In Greiner's book "Relativistic Quantum Mechanics" there's a section where it explains how the K-G equations it's invariant under gauge transformations, "1.10 Gauge invariance of the Coupling", where he uses the most general form of a gauge transformation $$A'_{\mu}(x) = A_{\mu}(x) + \frac{\partial \chi(x)}{\partial x^{\mu}}$$ and the wave function transformed it's $$\psi' = \exp \left(\frac{ie}{\hbar c}\chi\right)\psi$$ now it's of my understanding that a global gauge transformation when the $\chi \neq \chi(x)$, in other words, the $\chi$ it's just a constant, doesn't depend on the coordinates.
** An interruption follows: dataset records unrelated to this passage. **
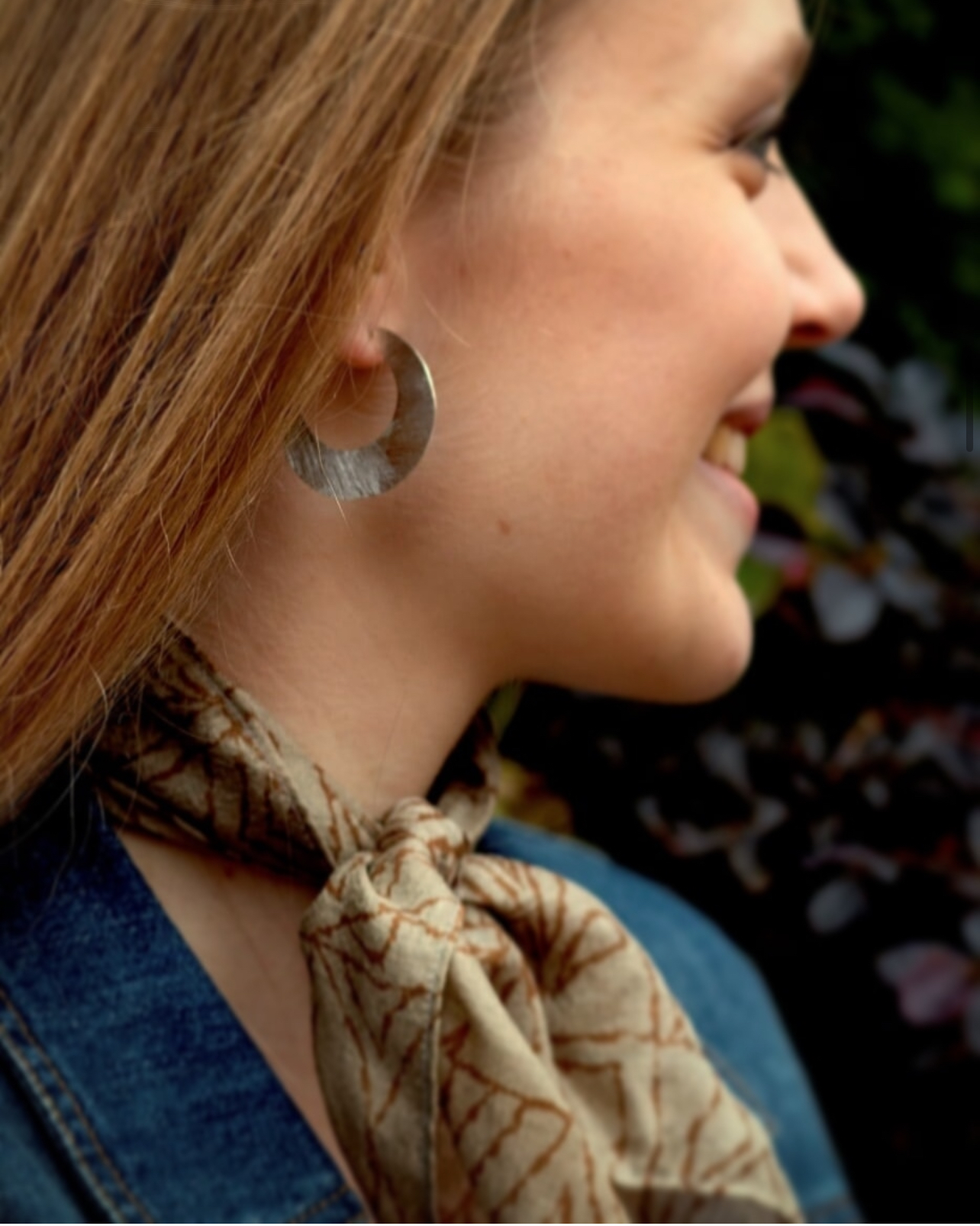 Aretes de media luna bañados en plata. Perfectos para quienes buscan un estilo contemporáneo con un toque artesanal, estos aretes destacan por su acabado refinado y atemporal.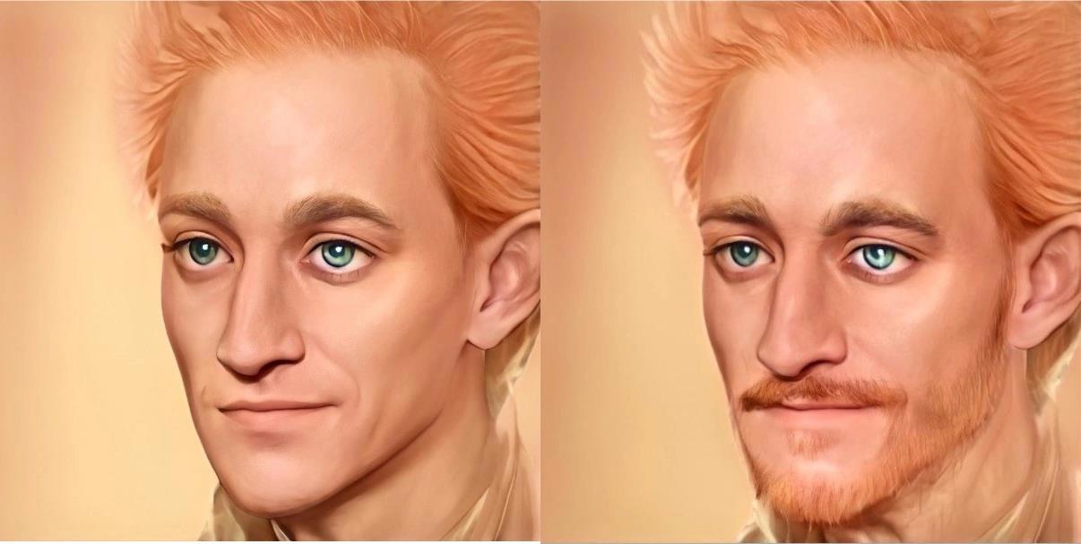 Покойничек вроде даже поживее стал, это меня даже обрадовала. Я подумала-подумала и запихнула картинку в нейросеть Wombo. Если заплатить немного денег, то Wombo дает доступ к нескольким интересным и качественным инструментам. Один из них очень неплохо обрабатывает лица. И вот что он мне нарисовал.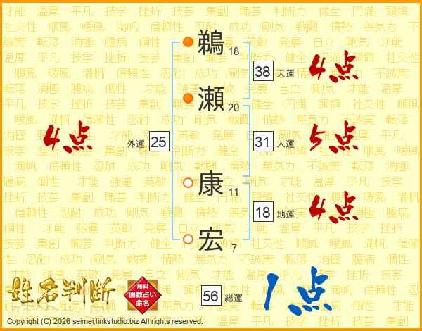鵜瀬康宏さんの総運は56画の1点!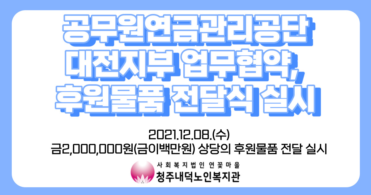 이번 협약을 통해 은퇴공무원 사회공헌활동지원과 지역사회 노인복지 증진을 위한 재능기부, 지역 내 복지사업홍보 활동 및 정보공유 활동을 진행하기로 하였습니다!! 또, 이날 온정키트를 구성하여 청원구 내 거주하시는 100명의 취약계층 어르신들에게 전달하였습니다!!

In a local gauge transformation $\chi = \chi (x)$, it does depend on where you are standing in the space, so here Greiner uses a local gauge transformation because $\chi$ depends on the coordinates, and when substituting on the K-G equation the form of the equation its preserved, and because of the derivative of the wave function, now as I said earlier, I'm asked to prove that the Klein-Gordon equation it's invariant under global gauge transformations. My question is wouldn't it be trivial? Because if $\chi$ doesn't depend on $x$ then: $$A'_{\mu}(x) = A_{\mu}(x) + \frac{\partial \chi}{\partial x^{\mu}} = A_{\mu}(x) + 0 = A_{\mu}(x)$$ and $$\psi' = \exp \left(\frac{ie}{\hbar c}\chi\right)\psi$$ would only be a constant phase which doesn't really affect the equation so it's global invariant? I suppose it's not that easy and I'm doing something wrong, please help.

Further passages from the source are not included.